> _Exercise objective_: The task calls for an exact copy of the records, without any images.

> _Data shown_:
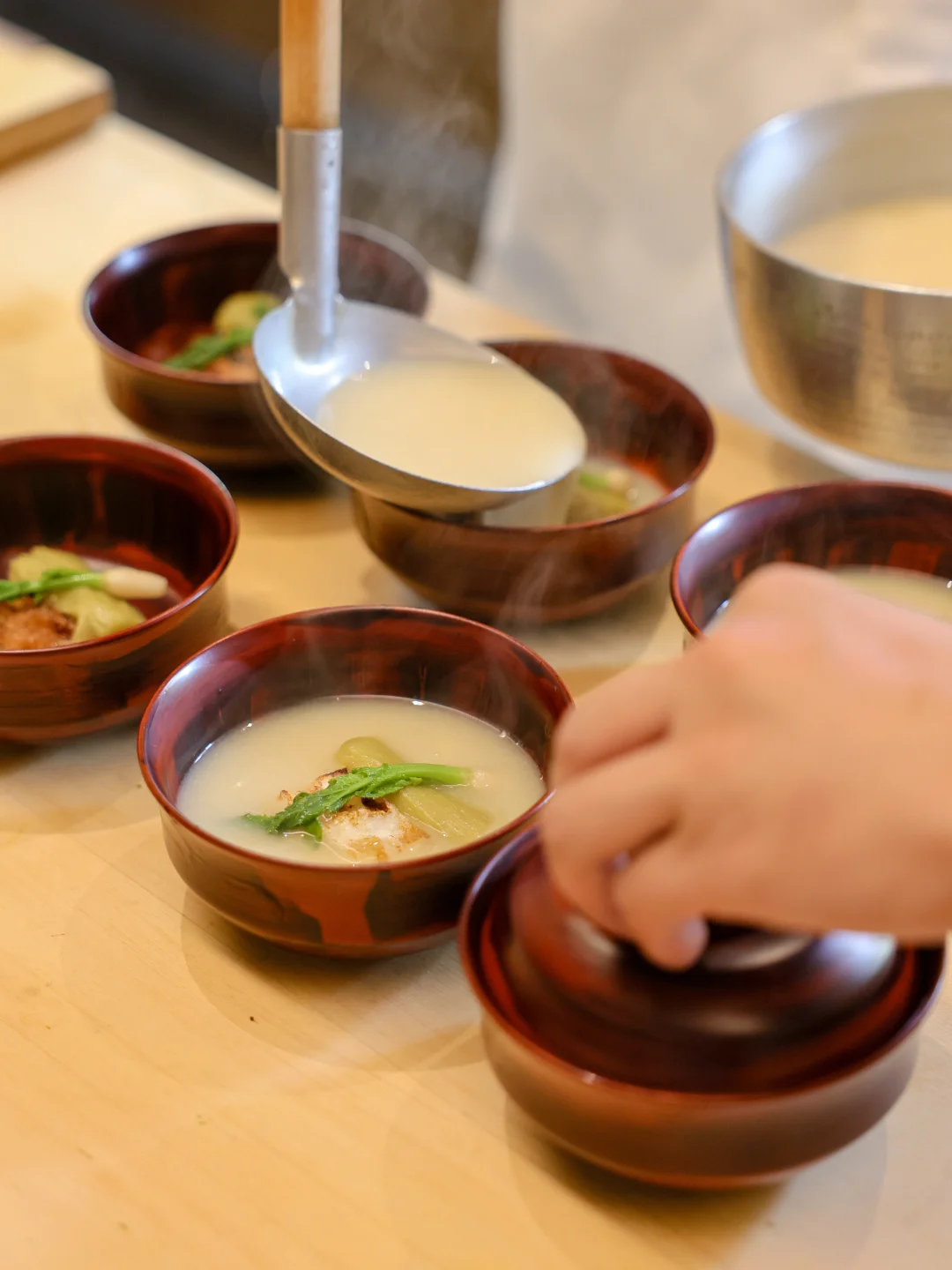 🍃年糕炭烤过,很有拉扯感,而且其糯劲与茄子又截然不同,这几者搭配出来的风味温和,但胜在口感层次丰富,高汤本身为两种主食材增色不少。
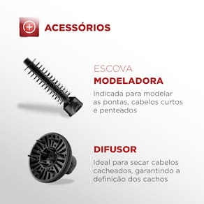 Funções: Seca, alisa, modela, define cachos e finaliza pontas e franjas
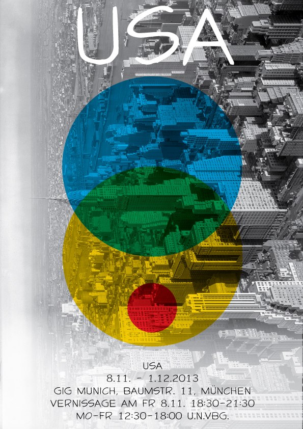 Alasdair Duncan, who co-organised USA, makes signs that are stand-ins, emblems for things that are yet to be. He’s long been interested in America as an abstract ideal, a kind of promise of something vaguely but certainly better, which is not firmly coupled to the reality of the place of America. His poster functions as an advertisment for the show by standing in for an idea, a placeholder of what the show might be. It superimposes a colour saturated sign – the exact meaning of which is held at bay – over an old photograph of New York – a fetishistic image – turned on its side. AD 2013
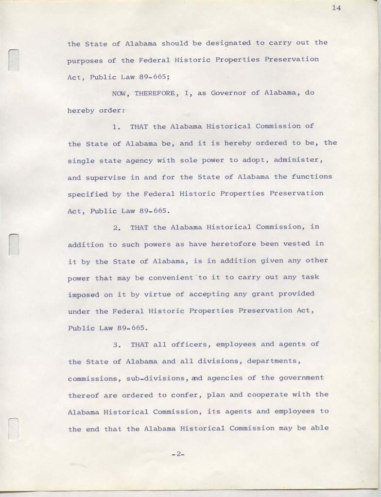 For instance, executive orders can provide information about the expansion of the AHC’s work throughout the years. Governor Lurleen Wallace’s executive order, seen below, grants sole power to the AHC to supervise the functions of the Federal Historic Properties Preservation Act within Alabama.
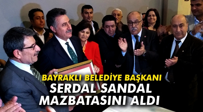 Bayraklı seçmeninden yüzde 55.11 oy alarak CHP Bayraklı İlçe Belediye Başkanı seçilen Serdar Sandal, bugün İlçe Seçim Kurulu'ndan mazbatasını aldı.
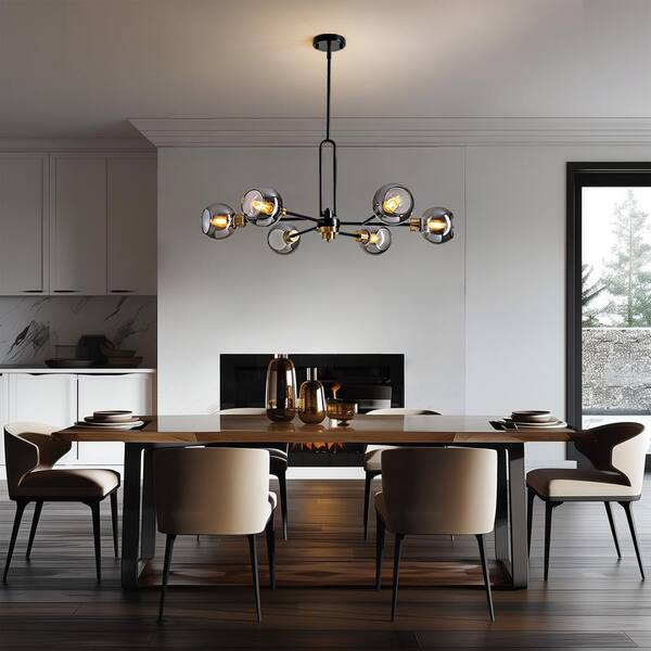 28 in. 6-Light Black Traditional Chandelier with Glass Globe Shades
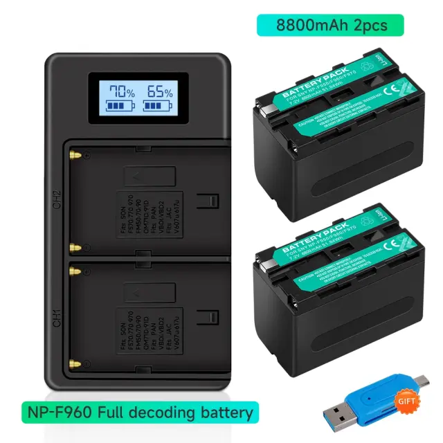 NP-F960 NP-F970 komplet baterij, kapaciteta 8800mAh, dvojni polnilec, 2 bateriji 1 polnilec
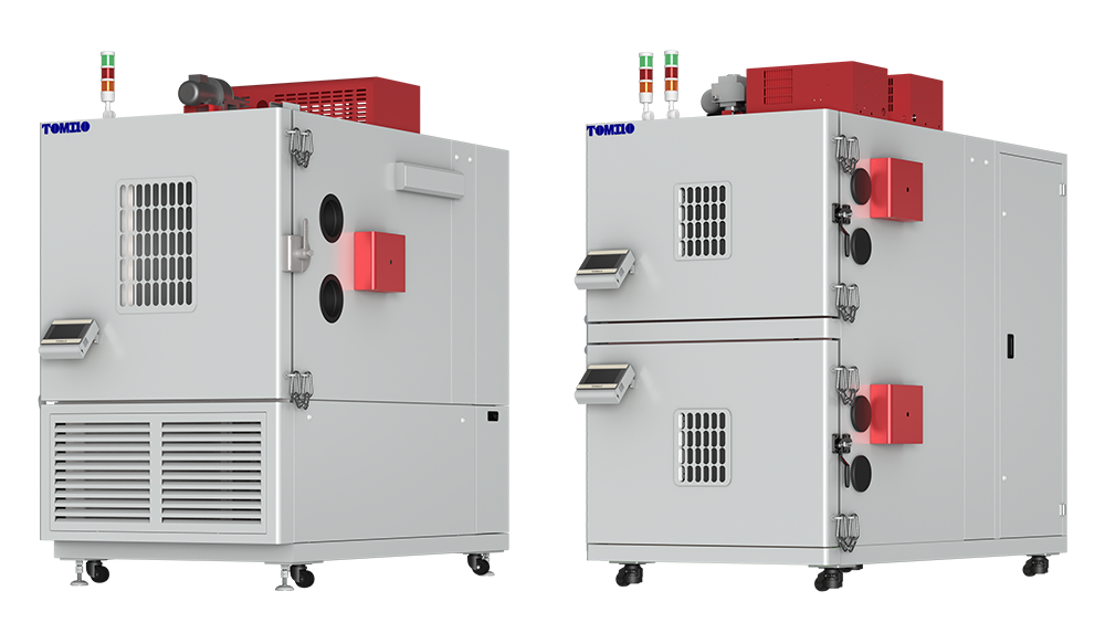 在電池測試環境試驗設備中,多間室共享一套制冷機組(含單個冷凝器+多個蒸發器)的架構普遍存在。每個間室需獨立設置溫濕度條件以模擬不同測試場景,但傳統系統難以根據各間室實時負荷動態調節制冷劑流量,導致:制冷效率低下,間室溫度波動大;壓縮機頻繁啟停或過載運行;能源浪費與設備壽命縮短等問題。
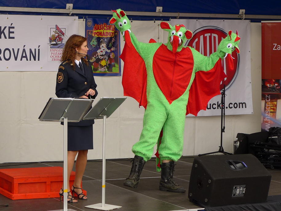 Po úvodním proslovu a vyhodnocení fotografické soutěže došlo na křest knížky Hasičských pohádek. Jak pravila paní mluvčí, v knížce je osm draků a jeden z nich – tříhlavý zelený dráček Ohniváček – vyletěl přímo z knížky Hasičských pohádek, aby se osobně všemi třemi páry svých očí podíval na její křest ;) .
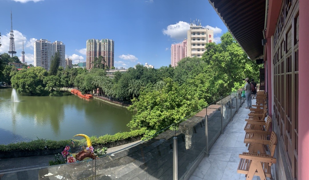 城门楼三层既有室内也有露台,从室内移步露台,可以环绕一周,观察城门楼四面八方,往西可观越秀公园秀美,往东可望小北路的车水马龙和高楼大厦,一边是一湖碧波清净如洗,一边是繁华闹市人流如鲫,门楼里外,动静相接,一楼之隔,相映成趣。
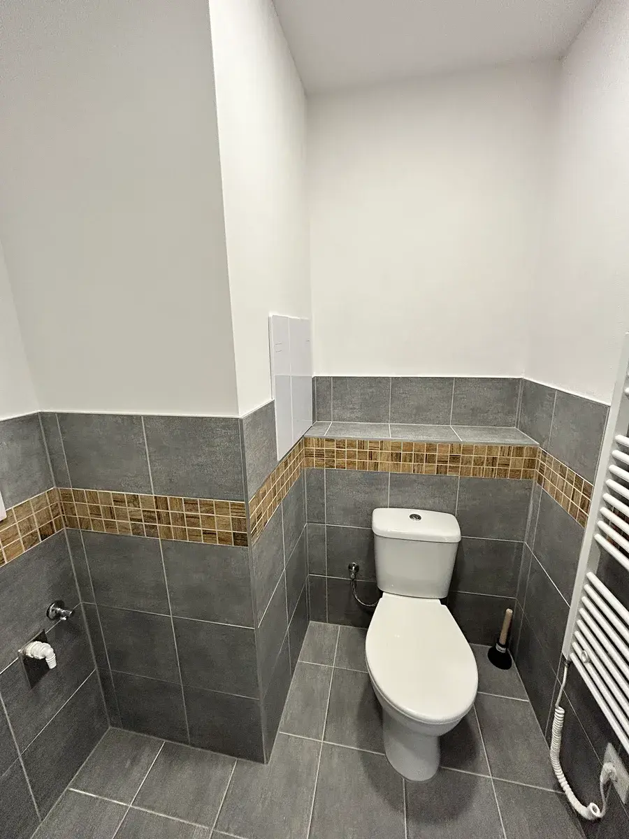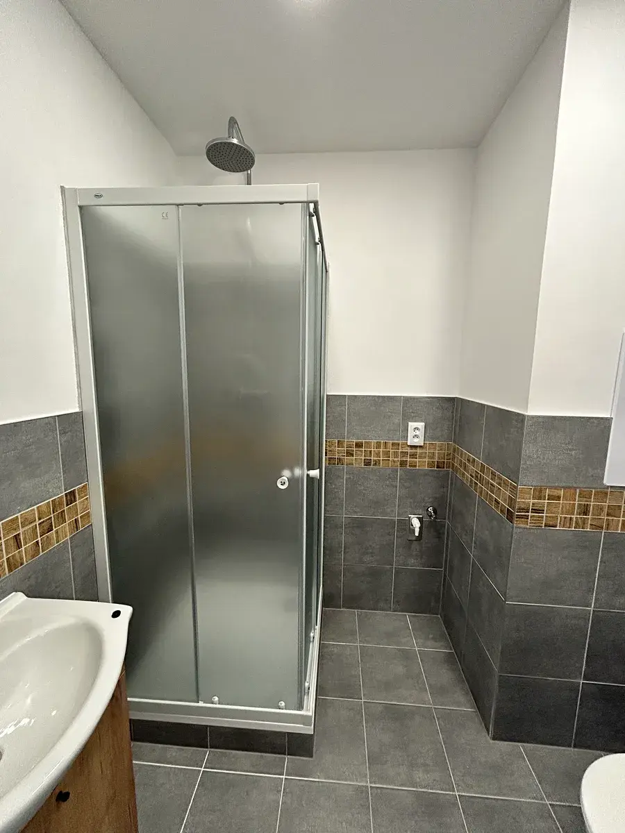 Koupelna: Moderní koupelna se sprchovým koutem (bude ještě doplněna o nové zrcadlo).
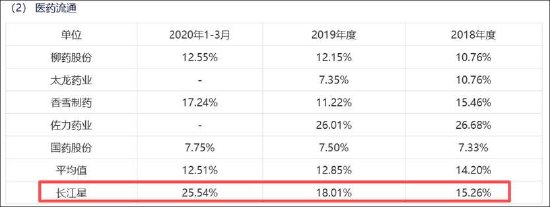 据公告显示,长江星前五大客户之一的湖北长江大药房连锁有限公司(以下简称“长江连锁”)持有长江星60.41%的股权,为其控股股东。据草案显示,2018年、2019年、2020年1-3月,长江星对长江连锁及其关联方的销售金额分别为9117.74万元、9738.28万元、8374.21万元,占其营业收入总额的比重分别为6.90%、8.01%、34.85%。
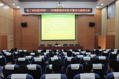 学子作关于“环境影响评价技术要点与案例分析”报告。会议由学院副院长游少鸿老师主持。
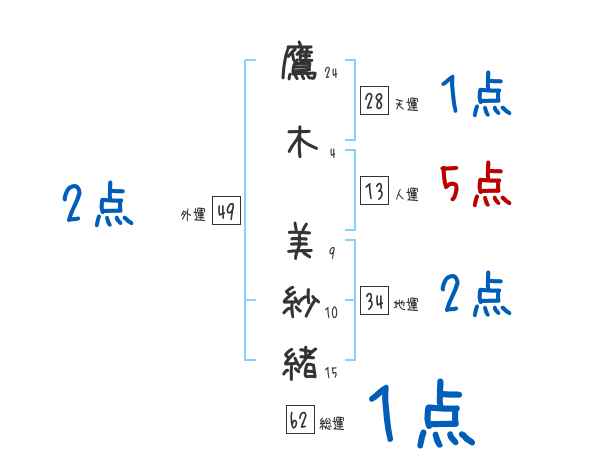 天運![]() | 鷹木美紗緒さんの天運は28画の1つ星!家庭環境に注意。スポーツで活躍できる能力があるかも。 家系が持つ宿命的な運勢を表します。祖先から受け継いだ苗字ですので自分の力が及びません。家柄を象徴します。 |

> _Expected answer_:
 🍃年糕炭烤过,很有拉扯感,而且其糯劲与茄子又截然不同,这几者搭配出来的风味温和,但胜在口感层次丰富,高汤本身为两种主食材增色不少。
 Funções: Seca, alisa, modela, define cachos e finaliza pontas e franjas
 Alasdair Duncan, who co-organised USA, makes signs that are stand-ins, emblems for things that are yet to be. He’s long been interested in America as an abstract ideal, a kind of promise of something vaguely but certainly better, which is not firmly coupled to the reality of the place of America. His poster functions as an advertisment for the show by standing in for an idea, a placeholder of what the show might be. It superimposes a colour saturated sign – the exact meaning of which is held at bay – over an old photograph of New York – a fetishistic image – turned on its side. AD 2013
 For instance, executive orders can provide information about the expansion of the AHC’s work throughout the years. Governor Lurleen Wallace’s executive order, seen below, grants sole power to the AHC to supervise the functions of the Federal Historic Properties Preservation Act within Alabama.
 Bayraklı seçmeninden yüzde 55.11 oy alarak CHP Bayraklı İlçe Belediye Başkanı seçilen Serdar Sandal, bugün İlçe Seçim Kurulu'ndan mazbatasını aldı.
 28 in. 6-Light Black Traditional Chandelier with Glass Globe Shades
 NP-F960 NP-F970 komplet baterij, kapaciteta 8800mAh, dvojni polnilec, 2 bateriji 1 polnilec
 在電池測試環境試驗設備中,多間室共享一套制冷機組(含單個冷凝器+多個蒸發器)的架構普遍存在。每個間室需獨立設置溫濕度條件以模擬不同測試場景,但傳統系統難以根據各間室實時負荷動態調節制冷劑流量,導致:制冷效率低下,間室溫度波動大;壓縮機頻繁啟停或過載運行;能源浪費與設備壽命縮短等問題。
 Po úvodním proslovu a vyhodnocení fotografické soutěže došlo na křest knížky Hasičských pohádek. Jak pravila paní mluvčí, v knížce je osm draků a jeden z nich – tříhlavý zelený dráček Ohniváček – vyletěl přímo z knížky Hasičských pohádek, aby se osobně všemi třemi páry svých očí podíval na její křest ;) .
 城门楼三层既有室内也有露台,从室内移步露台,可以环绕一周,观察城门楼四面八方,往西可观越秀公园秀美,往东可望小北路的车水马龙和高楼大厦,一边是一湖碧波清净如洗,一边是繁华闹市人流如鲫,门楼里外,动静相接,一楼之隔,相映成趣。
 Koupelna: Moderní koupelna se sprchovým koutem (bude ještě doplněna o nové zrcadlo).
 据公告显示,长江星前五大客户之一的湖北长江大药房连锁有限公司(以下简称“长江连锁”)持有长江星60.41%的股权,为其控股股东。据草案显示,2018年、2019年、2020年1-3月,长江星对长江连锁及其关联方的销售金额分别为9117.74万元、9738.28万元、8374.21万元,占其营业收入总额的比重分别为6.90%、8.01%、34.85%。
 学子作关于“环境影响评价技术要点与案例分析”报告。会议由学院副院长游少鸿老师主持。
 天運![]() | 鷹木美紗緒さんの天運は28画の1つ星!家庭環境に注意。スポーツで活躍できる能力があるかも。 家系が持つ宿命的な運勢を表します。祖先から受け継いだ苗字ですので自分の力が及びません。家柄を象徴します。 |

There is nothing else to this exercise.